Sarah Taylor takes a pull on her Singha beer, then pulls a face. 'I'm shattered, really. My boyfriend and I were supposed to be leaving tomorrow to do the whole southern island thing - Phuket, Koh Samui, Koh Phanghan. Now, we're just going to stay here and get drunk every day, I suppose. Or maybe we'll head north, away from the violence.'
Ms Taylor, 23, is drinking in a hole-in-the-wall bar outside her guesthouse just off Khao San Road, Bangkok's backpacker Mecca, while she scans the local English-language papers.
In one, the front page trumpets a senior policeman's estimate that 30,000 Muslim youths are ready to go on the rampage in the strife-wracked southern provinces; in the other, dire warnings of a widespread suicide bombing campaign.

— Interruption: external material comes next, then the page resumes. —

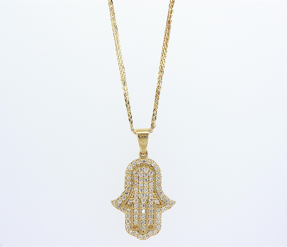 שרשרת חמסה מיוחדת ואלגנטית במשקל 3.3 גרם זהב 14 קארט משובצת יהלומים טבעיים במשקל 40 נקודות באיכות D-F/VS.

'I'm not going anywhere near that lot,' says the engineering student from London. 'I'm sure the beaches are nice, but they're not worth getting blown up over.'
'Right,' nods her boyfriend, a lanky Australian also based in London, who prefers to be known as 'just Steve'. 'Why take the risk? I mean, we've been warned, right?'
All around, in this bar and others on the famous strip, similar conversations are taking place. There are calls to embassies, last-minute cancellations of plans.